Howard Gardner maintained that we learn in a variety of styles engaging various senses, and that most of us lean upon one sense more than others. Gardner identified these as being particular "intelligences." Followers of Howard Gardner have attempted to follow a check list of learning styles to make sure that student needs are met. That forces the teacher to develop strategies that tend to feel artificial or contrived. Far simpler is to just do real things. When you work in a wood shop, all the senses are engaged, so let us use that as our example. You walk in the shop at Clear Spring School and first you smell wood. Then the rest of the senses fall into useful place, assuring the student of the reality of schooling and his or her reality in the educational process.

Schools can become places of engagement and creativity, and the whole world needs that to happen.

Small towns (and small neighborhoods) in the US have suffered from a strategy of extraction, through which the best and brightest students (measured by academic standards) are extracted and removed to a system of universities so that their talents can standardized and be hauled away. That may appear to be a good thing for the students involved, but is not so good for the communities involved. Having the opportunity for students to use the Eureka Springs School of the Arts as a degree pathway as we plan, will be a wonderful way to meet learning needs at home. It may also serve as an example of what all schools must become... places in which student's lives are shaped by doing real things in service to community.

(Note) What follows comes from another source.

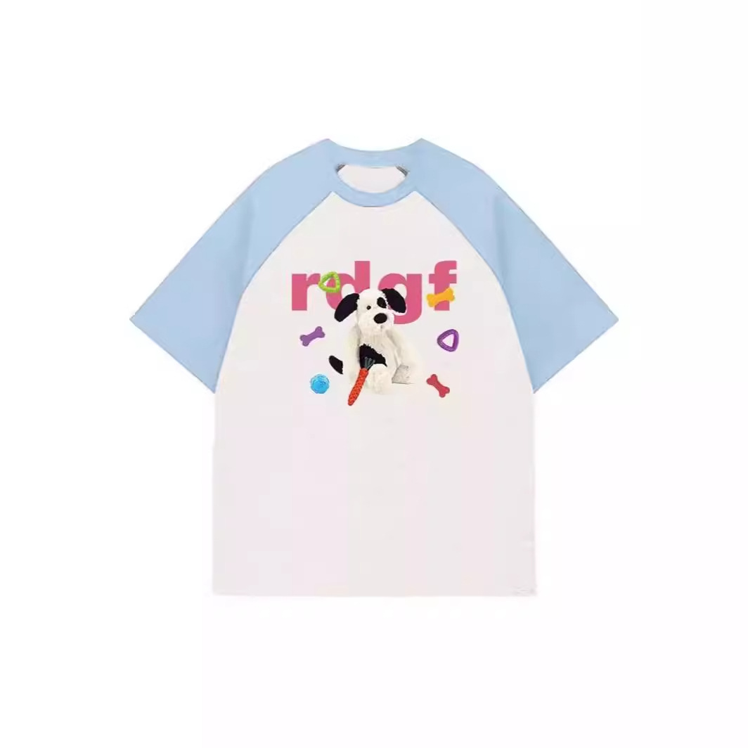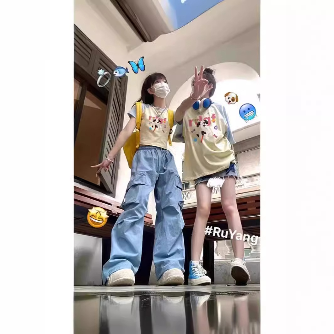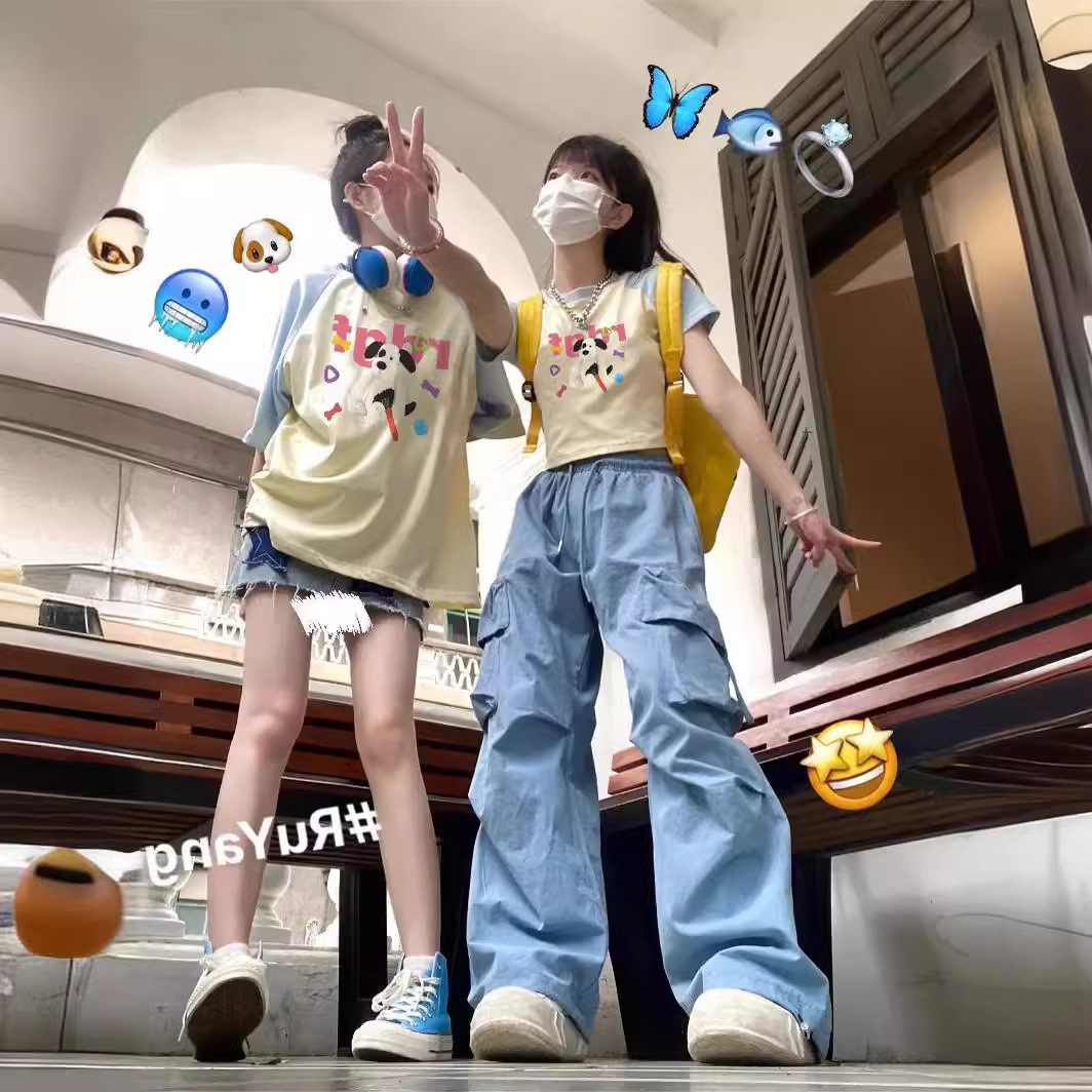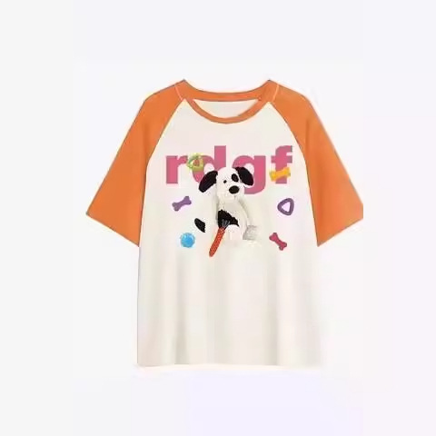 插肩短袖t恤夏日多巴胺女孩穿搭闺蜜装甜辣上衣美式纯棉情侣衫潮
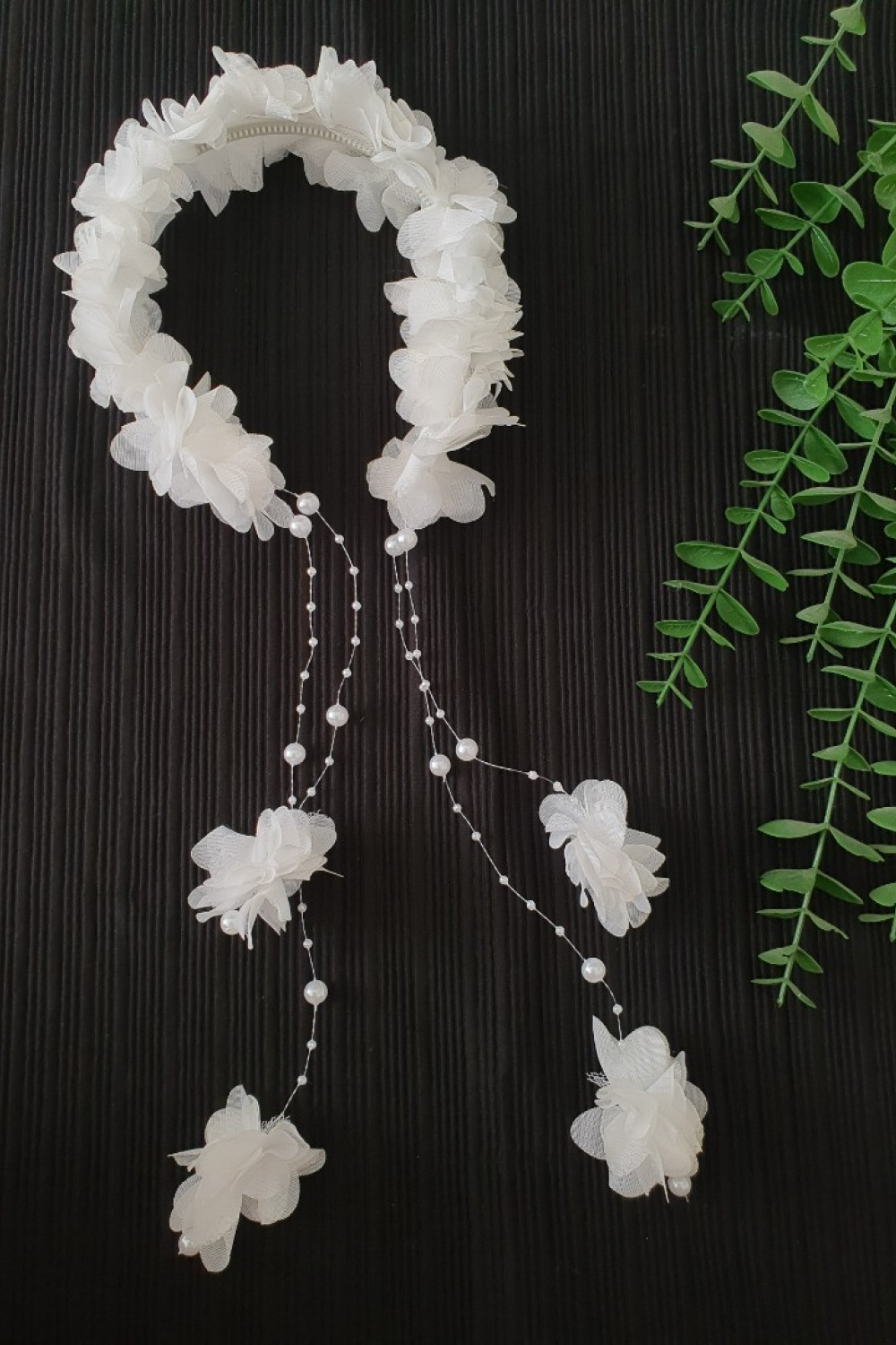 Özel günlerinizde zarafeti ve ışıltıyı bir arada sunan Çiçekli İncili Taç, el işçiliğiyle hazırlanmış şık bir aksesuardır. Her detayında incelik ve estetik barındıran bu taç, kına gecesi, lohusa dönemi, düğün, nişan, mezuniyet ve özel davetlerde tarzınıza zarif bir dokunuş katar.

Yesterday in Little Rock I was part of a panel to select the 2018 Arkansas Living Treasure, an award from the Arkansas Arts Council that I was selected to receive in 2009. The award is granted on the basis of artistic merit, and service toward the perpetuation of traditional crafts, using a system of assigned points. We arrived at a unanimous decision that will be announced a bit later in the year.

Make, fix, create, and assist others in learning likewise.